══ DATA SEGMENT ══
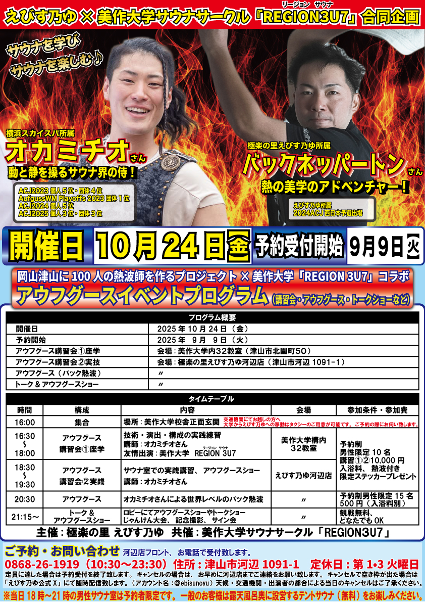 美作大学サウナサークル「REGION3U7(リージョンサウナ)」は、津山市の温浴施設「極楽の里 えびす乃ゆ 河辺店」と合同で、岡山津山100人熱波師プロジェクト!と題したサウナを通じた地域活性化イベントを開催します。
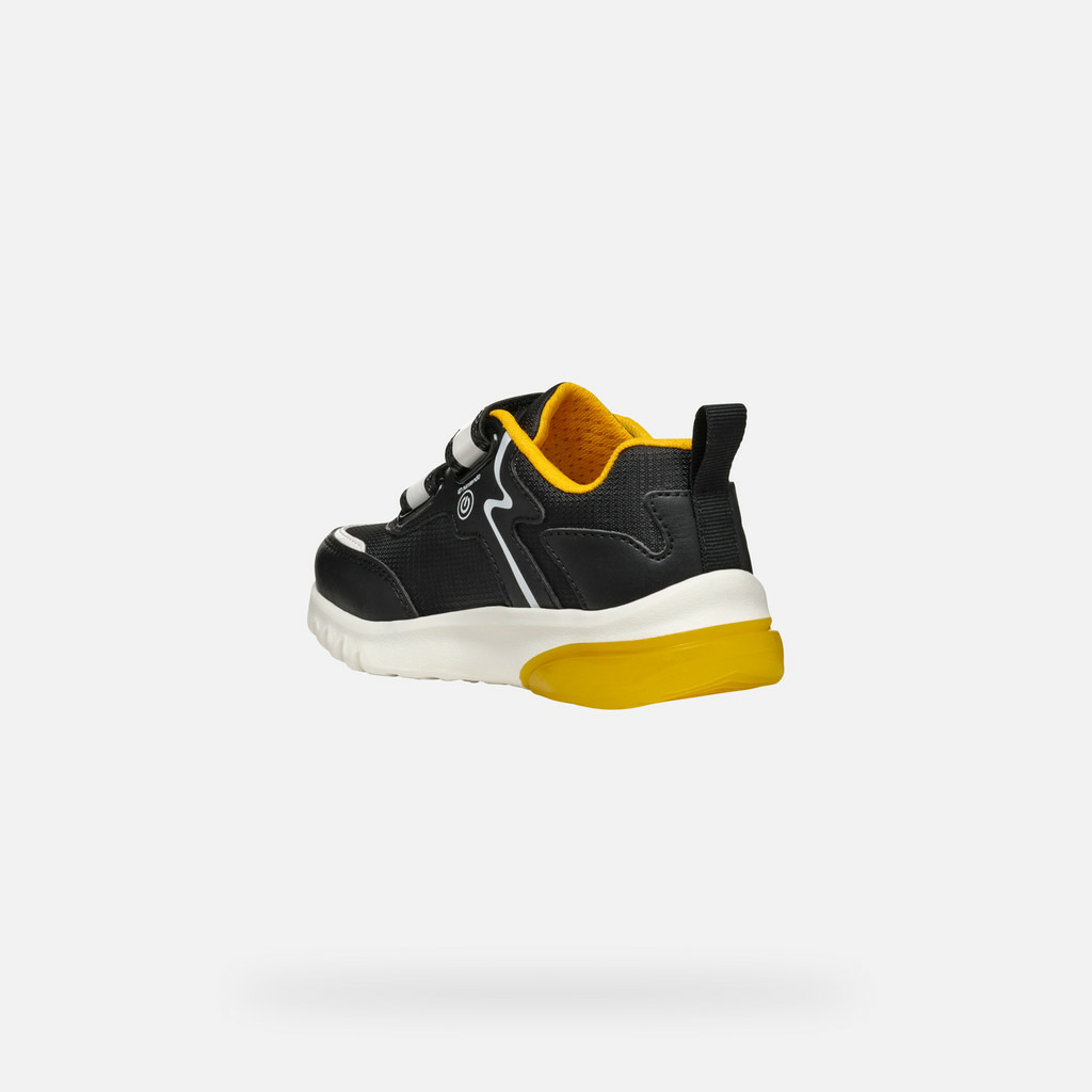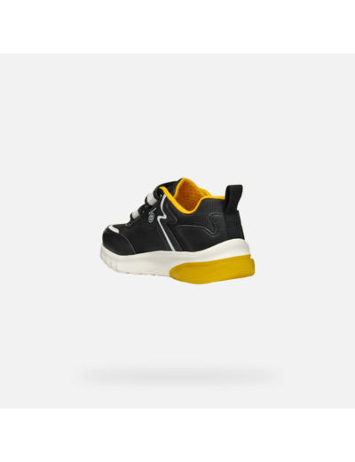 Ces sneakers basses signées Geox, fruit d’une collaboration exclusive avec Nintendo, captivent par leur design audacieux mêlant noir et jaune. La tige, en matière effet cuir et nylon, est décorée d’applications inspirées du héros emblématique Super Mario, pour un look unique et dynamique. Les lumières intégrées dans la semelle extérieure insufflent une touche d’originalité et de fun à chaque mouvement, parfaites pour accompagner les journées actives de votre enfant.
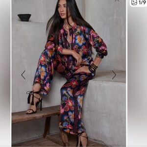 Johnny Was Vibrant Floral Wide Leg Pants
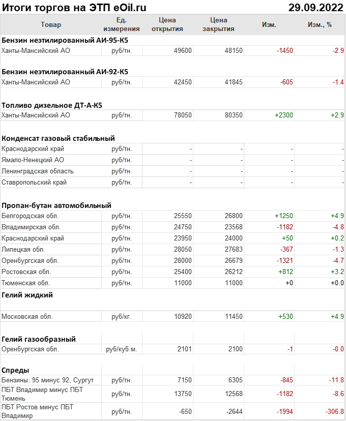 Итоги торгов на ЭТП eOil.ru 29 сентября 2022
═══
* **EXERCISE OBJECTIVE**: Nothing but the lines from the one with "Johnny Was Vibrant Floral Wide Leg Pants" through the last line of the material above should appear in the answer, each copied exactly, with no pictures.

* **WRITTEN ANSWER**:
 Johnny Was Vibrant Floral Wide Leg Pants
 Итоги торгов на ЭТП eOil.ru 29 сентября 2022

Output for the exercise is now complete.